In order to do this, I'd need to...

  1. Scrape the HTML from the web page and find the event data
  2. Connect to Google Calendar and add the events found

Because I like programming in python, the first thing I did was to go get the latest copy of BeautifulSoup, which is a library that is unbelievably handy for scraping data out of HTML and also Google GData which lets me talk to Google Calendar.

I so I began...

import urllib, urlparse, gdata, time, datetime
from bs4 import BeautifulSoup
import atom
import gdata.calendar
import gdata.calendar.service

... and loaded the libraries.  Then I connected to Google Calendar, like this...

print "Connecting to Google Calendar"
calendar_service = gdata.calendar.service.CalendarService()
calendar_service.email = '*********@york.ac.uk'
calendar_service.password = '**********'
calendar_service.source = 'Google-Calendar_Python_Sample-1.0'

 .... then got the web page with the Festival of Ideas events on it like this...

url = 'http://yorkfestivalofideas.com/talks/'
print "reading ", url
u = urllib.urlopen( url )
html = u.read()

... At this point, I knew I wanted to create a separate calendar, so I made one in Google Calendar ( IMPORTANT! Set the timezone of your newly created calendar!!! ). Once I'd done this, I could then find what's called the calendar link which you use to specify which calendar you want events to go into...

def get_my_calendars_url(cal_name):
feed = calendar_service.GetOwnCalendarsFeed()
for i, a_calendar in enumerate(feed.entry):
name = a_calendar.title.text
print i, a_calendar.title.text, a_calendar.link[0].href
if name == cal_name:
return a_calendar.link[0].href

calendar_link = get_my_calendars_url("Festival of Ideas")

So, now I have some HTML with useful information in it and a way of connecting to my chosen calendar... I need to use Beautiful soup to fish out the data I need.  I begin like this...

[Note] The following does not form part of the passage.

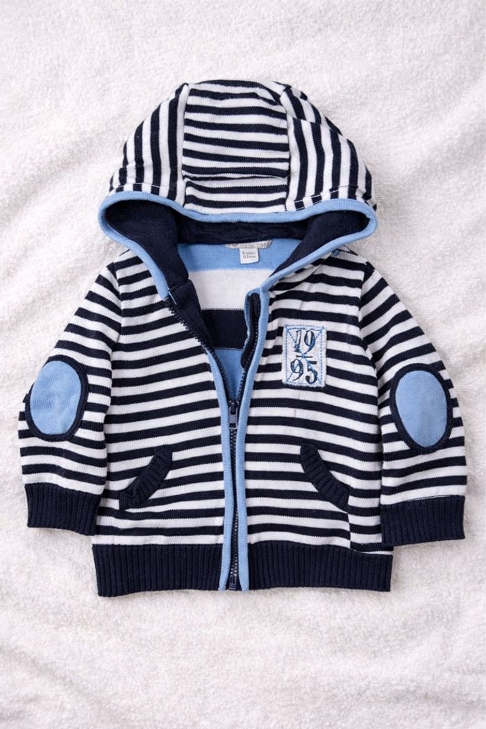 Veste bébé Orchestra taille 6 mois. 🤍💙 Rayures marine/blanc avec détails bleu clair, capuche et fermeture zippée. Petites poches devant et coudières trop mignonnes. Très bon état, peu portée, aucun défaut.

soup = BeautifulSoup( html )
events = soup.find_all("div", {'class':'event'})

... Now the HTML has been turned into a "soup" which means I can do fancy things with it... like the 2nd line above where I grab any DIV that is of class "event" from code that looks like this..

<div class="event">
<div class="eventdate">
<div class="day">
<div class="date">
<div class="month">
<div class="eventdetails">
<p class="eventtitle">
<a href="/talks/2012/frenck/">
Where it all began: The Big Bang
<p class="eventteaser">
Professor Carlos Frenk will open this year's York Festival of Ideas with a talk on the biggest metamorphosis of all - that of the universe as a whole, from the simplicity of the Big Bang to the complexity of the universe of galaxies, stars, and the planet on which we live.
<div class="clear"></div>

...Once I've got a list of events I can then do this... which finds the title, and the text and the dates and times of the events....

for event in events:
title = event.find('p', {'class':'eventtitle'}).find('a').contents[0].strip()
href = event.find('p', {'class':'eventtitle'}).find('a')['href']
href = urlparse.urljoin(url, href)

#Get the actual page in the href!
u = urllib.urlopen( href )
event_html = u.read()
small_soup = BeautifulSoup(event_html)
start_time = small_soup.find('abbr', {'class':'dtstart'})['title']
st = time.strptime(start_time, "%Y-%m-%dT%H:%M")
end_dt = datetime.datetime(2012, st.tm_mon, st.tm_mday, st.tm_hour+2, 0, 0)
end_time = end_dt.strftime("%Y-%m-%dT%H:%M:%S")
start_time = start_time + ":00" #HACK UG!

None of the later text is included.